(Records from a dataset)
******
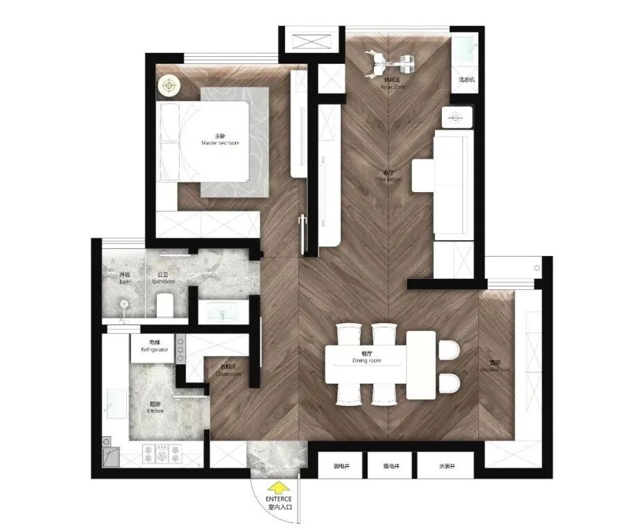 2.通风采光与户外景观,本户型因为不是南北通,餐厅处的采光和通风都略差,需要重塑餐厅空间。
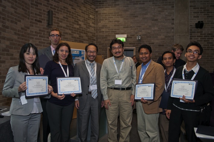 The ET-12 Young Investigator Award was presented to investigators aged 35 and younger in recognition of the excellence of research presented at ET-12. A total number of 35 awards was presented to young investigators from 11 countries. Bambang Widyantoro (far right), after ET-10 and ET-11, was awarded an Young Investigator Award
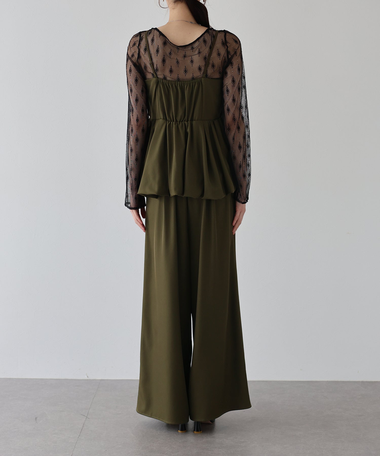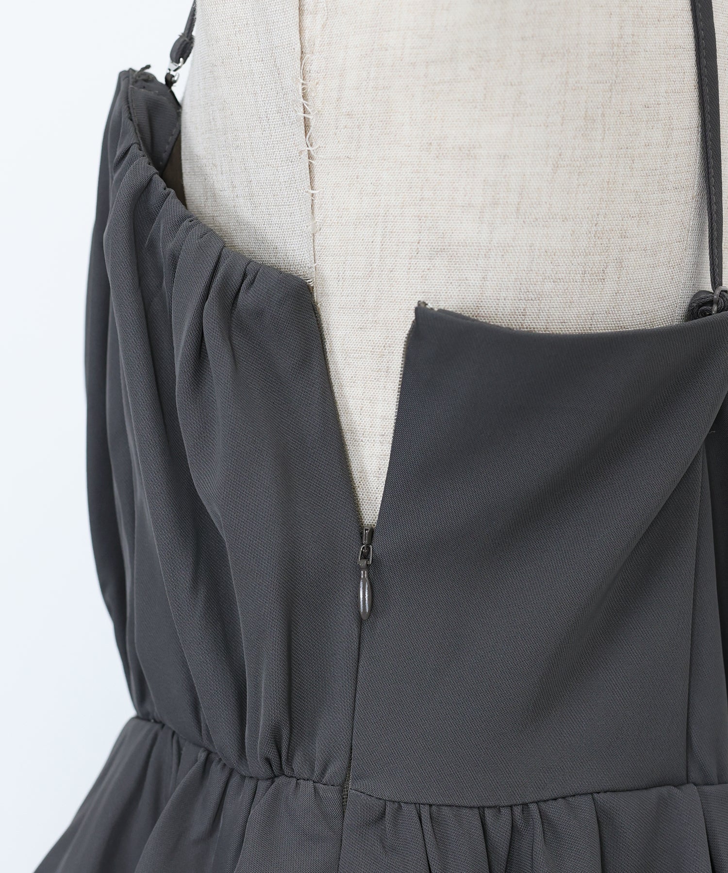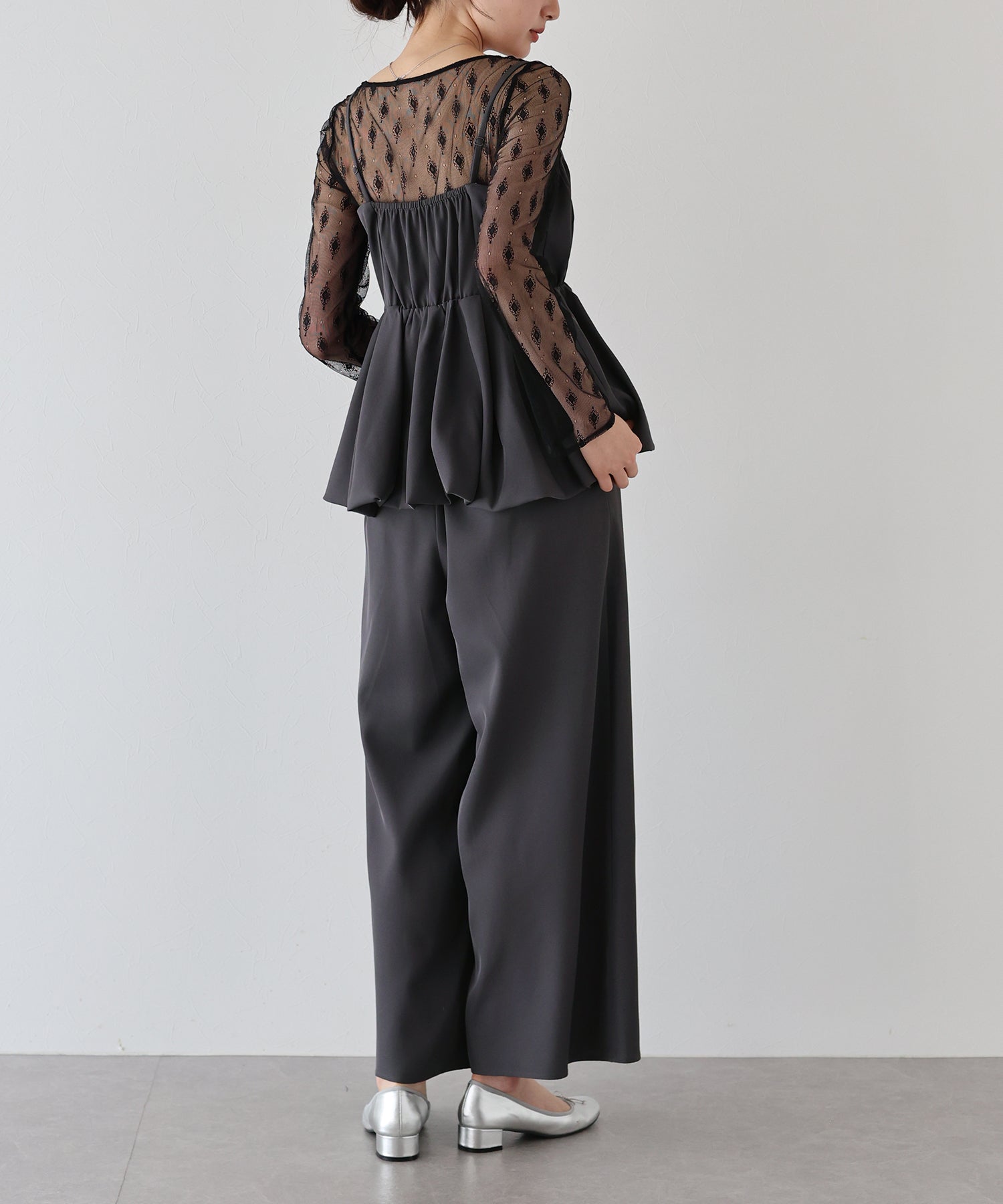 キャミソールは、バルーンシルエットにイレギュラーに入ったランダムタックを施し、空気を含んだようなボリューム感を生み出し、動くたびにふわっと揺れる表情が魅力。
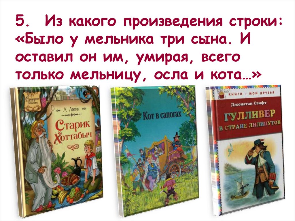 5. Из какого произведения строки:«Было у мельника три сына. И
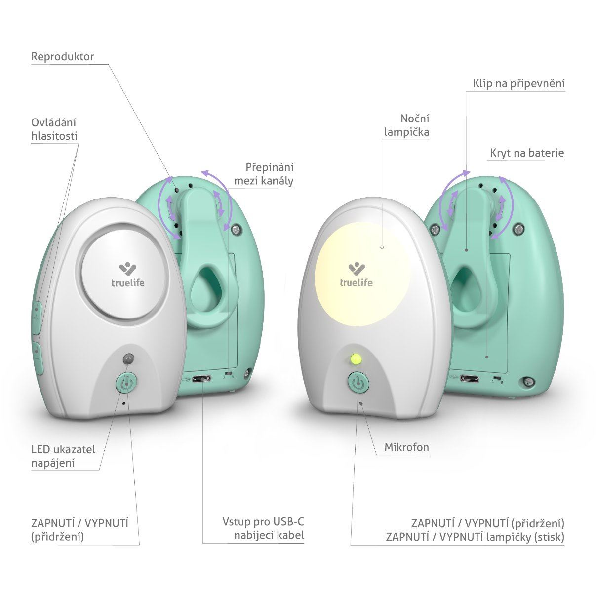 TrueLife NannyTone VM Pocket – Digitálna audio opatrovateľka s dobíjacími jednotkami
******
WORK TO COMPLETE - Only the lines from the one that holds "5. Из какого" through the end of the records above should be printed again, exactly as they are. Leave out the pictures.

TASK RESULT -
 5. Из какого произведения строки:«Было у мельника три сына. И
 TrueLife NannyTone VM Pocket – Digitálna audio opatrovateľka s dobíjacími jednotkami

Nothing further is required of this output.